ASSIGNMENT:
What are the lines below, starting at the line containing "Canapé panoramique tissu" and ending at the line containing "为了贯彻落实党的二十大精神,增强新时代大"? Write them out exactly, ends included, without pictures.

SOURCE DATA:
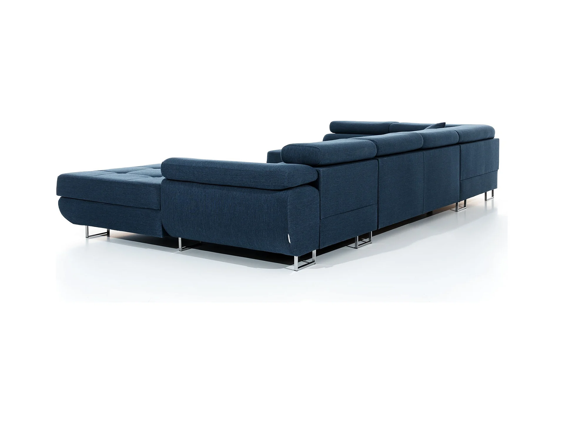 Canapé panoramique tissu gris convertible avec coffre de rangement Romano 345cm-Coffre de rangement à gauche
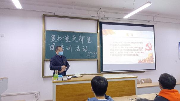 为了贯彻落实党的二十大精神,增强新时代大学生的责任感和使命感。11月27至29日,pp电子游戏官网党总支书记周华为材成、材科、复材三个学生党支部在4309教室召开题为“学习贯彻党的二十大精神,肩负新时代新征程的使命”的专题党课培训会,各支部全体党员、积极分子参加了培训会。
...
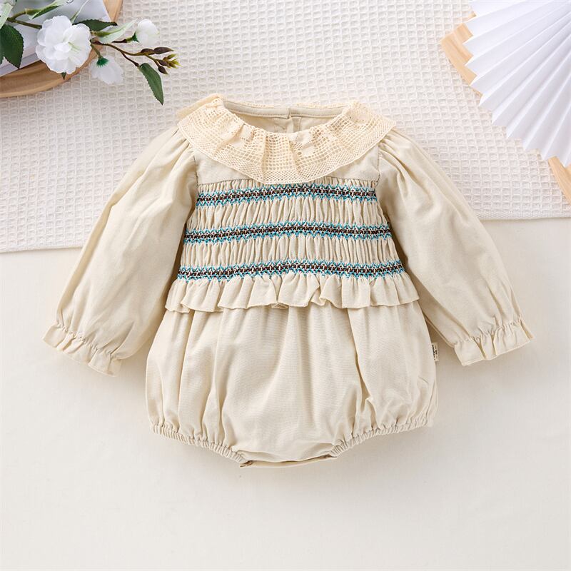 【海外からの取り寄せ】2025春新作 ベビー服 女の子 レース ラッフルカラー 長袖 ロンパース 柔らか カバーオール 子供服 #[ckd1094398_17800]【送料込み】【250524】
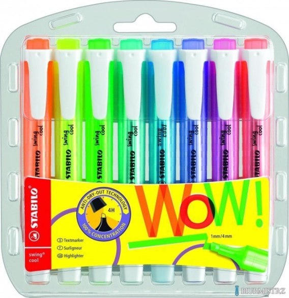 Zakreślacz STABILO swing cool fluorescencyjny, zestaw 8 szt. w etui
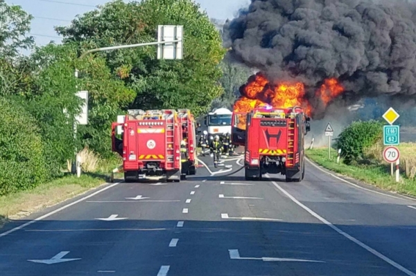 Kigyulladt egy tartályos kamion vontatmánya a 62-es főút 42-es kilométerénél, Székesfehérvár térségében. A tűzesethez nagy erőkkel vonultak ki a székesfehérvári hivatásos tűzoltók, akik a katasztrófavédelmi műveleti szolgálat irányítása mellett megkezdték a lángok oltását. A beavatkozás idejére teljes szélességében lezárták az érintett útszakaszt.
==
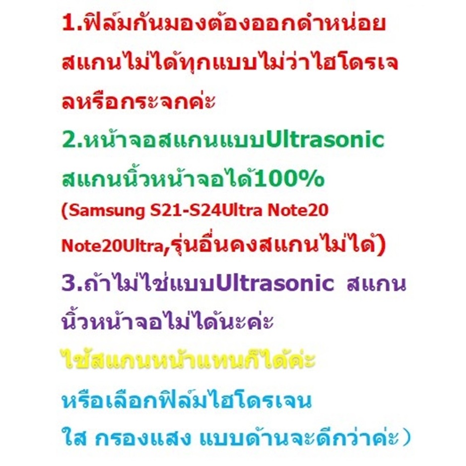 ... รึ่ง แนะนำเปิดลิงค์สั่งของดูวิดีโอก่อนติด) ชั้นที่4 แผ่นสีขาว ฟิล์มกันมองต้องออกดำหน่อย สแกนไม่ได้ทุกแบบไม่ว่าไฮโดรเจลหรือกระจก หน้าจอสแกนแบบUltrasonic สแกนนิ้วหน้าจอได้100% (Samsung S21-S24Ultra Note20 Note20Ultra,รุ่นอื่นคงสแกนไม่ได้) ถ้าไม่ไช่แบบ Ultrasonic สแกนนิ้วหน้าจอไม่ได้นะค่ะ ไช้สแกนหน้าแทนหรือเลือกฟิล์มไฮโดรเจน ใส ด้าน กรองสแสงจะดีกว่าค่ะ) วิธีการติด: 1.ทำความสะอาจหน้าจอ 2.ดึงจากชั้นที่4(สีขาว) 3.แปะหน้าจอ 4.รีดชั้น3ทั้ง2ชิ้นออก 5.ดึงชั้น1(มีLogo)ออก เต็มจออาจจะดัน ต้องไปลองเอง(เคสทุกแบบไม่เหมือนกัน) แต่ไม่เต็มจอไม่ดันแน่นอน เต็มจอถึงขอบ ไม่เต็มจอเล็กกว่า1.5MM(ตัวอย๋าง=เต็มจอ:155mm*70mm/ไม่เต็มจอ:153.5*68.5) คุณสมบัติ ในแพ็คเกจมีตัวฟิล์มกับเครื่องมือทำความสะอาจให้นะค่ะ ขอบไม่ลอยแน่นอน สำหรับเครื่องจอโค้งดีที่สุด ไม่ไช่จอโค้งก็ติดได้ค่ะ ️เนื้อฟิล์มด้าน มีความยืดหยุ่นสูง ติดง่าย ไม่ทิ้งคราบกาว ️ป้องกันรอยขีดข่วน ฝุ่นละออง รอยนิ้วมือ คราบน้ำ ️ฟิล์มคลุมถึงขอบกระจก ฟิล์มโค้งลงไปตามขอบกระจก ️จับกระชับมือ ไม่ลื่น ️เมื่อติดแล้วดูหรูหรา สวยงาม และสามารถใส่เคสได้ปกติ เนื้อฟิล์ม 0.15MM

RESULT FOR THIS TASK:
 Canapé panoramique tissu gris convertible avec coffre de rangement Romano 345cm-Coffre de rangement à gauche
 为了贯彻落实党的二十大精神,增强新时代大学生的责任感和使命感。11月27至29日,pp电子游戏官网党总支书记周华为材成、材科、复材三个学生党支部在4309教室召开题为“学习贯彻党的二十大精神,肩负新时代新征程的使命”的专题党课培训会,各支部全体党员、积极分子参加了培训会。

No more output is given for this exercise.